Oui, je sais. Normalement, je devais vous raconter ce que j'ai fabriqué cette semaine, suite à la présence d'étranges signes paranormaux dans un convenience store de Shibuya, le genre qui pourrait se décrire comme un panneau d'annonce "Shopping pour fantôme ici, facilités de paiement". C'est pas parce que vous êtes mort que ça vous dispense de crédits.

 

Et j'y suis allé dans ce fameux convenience store, j'ai croisé les yakuza, j'ai appâté mon fantôme avec un paquet de bonbons (qui a dit "pathétique" ?) et ça a fini à la maternité la plus proche. Vous ne voyez pas le rapport ? Rassurez-vous, ça viendra.

 

Alors me direz-vous pour quelle raison je me dispense de raconter tout ça ? Rien de très sérieux, je suis juste à la recherche d'un pont pas trop inconfortable pour ma cousine et moi. Mon appartement a été "visité", probablement par les mêmes yakuza que j'ai légèrement trop chatouillés durant cette affaire de convenience store. Comme il est établi que non, ils ne peuvent pas me casser en deux, ils se sont fait plaisir sur mon intérieur.
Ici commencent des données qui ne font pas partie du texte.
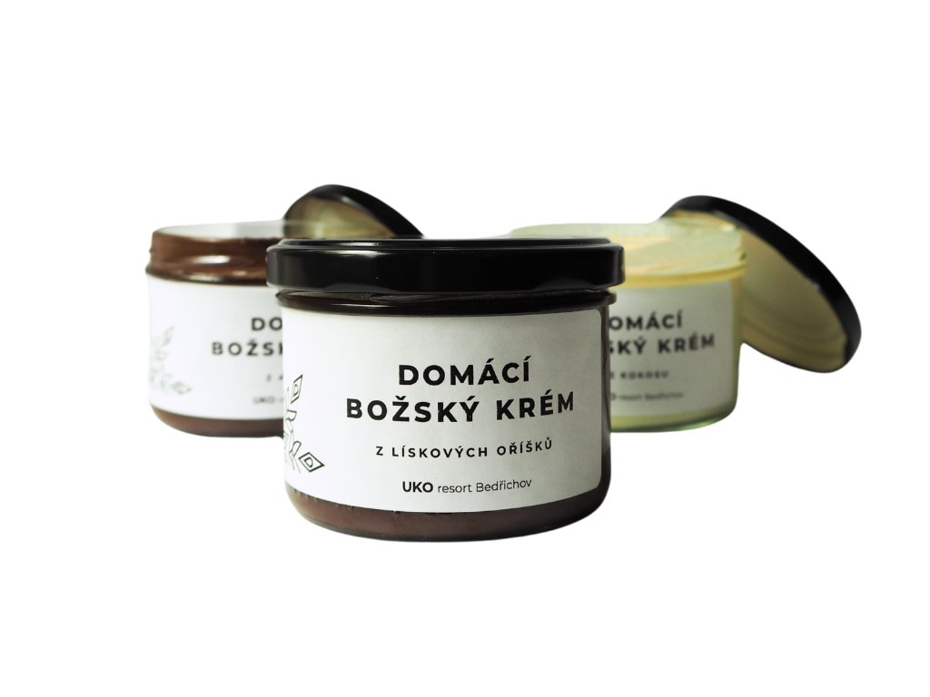 Složení: pražené lískové oříšky, kakao, kokosový olej, čokoláda 70% (kakaová hmota, kakaové máslo, cukr, slunečnicový lecitin, přírodní vanilkové aroma), vanilka, himalájská sůl.

J'ai donc trois choix : rentrer à Saitama dans ma maison de famille.

 

Plutôt mourir.

 

Aller dormir sous un pont. Si ça ne tenait qu'à moi, ça ne me dérangerait pas mais j'ai une petite fille de onze ans qui a le nez plus délicat que le mien.

 

Allez demander l'asile à Gekkô, qui va s'en frotter les pattes.

 

Plutôt mourir bis.

 

Donc j'écris depuis un hôtel. Shinkin trouve ça "trop cool !" (Onze ans, rappelez-vous, toute entorse à la routine est vécue comme une fête) et j'écris sur mon téléphone portable, dont je sais enfin utiliser l'option internet.  Alors vous écrire dix pages d'exorcisme, de bagarre contre les yakuza et de sauvetage de convenience store sur un clavier tactile…

 

Vous êtes tous très gentils mais là ce sera sans moi. Qui plus est, je suis d'humeur pas très littéraire après avoir découvert mon appart ravagé du sol au plafond et le mur du salon gravé – j'ai bien dit gravé – probablement au cran d'arrêt avec le message suivant.

 

"A charge de revanche pour le déjeuner."

 

Quand je vous dis que Jun Murakami est un psychopathe, je n'invente rien. Et il m'a prouvé une chose en dévastant l'appartement : il passe dans mes protections magiques comme dans du beurre. Alors sans flipper, j'ai déjà été plus détendu.

 

Bref, la semaine prochaine je récupère un ordinateur et une connexion décente et je me mets en quête d'un gardien plus efficace que le malheureux mange-crasse que j'ai retrouvé recroquevillé dans la poubelle de la cuisine. Ca faisait partie des "il faudrait" jusqu'à maintenant, c'est curieusement revenu en tête de liste.

 

Bonne semaine à tous, je vous raconte tout ça plus en détails mardi.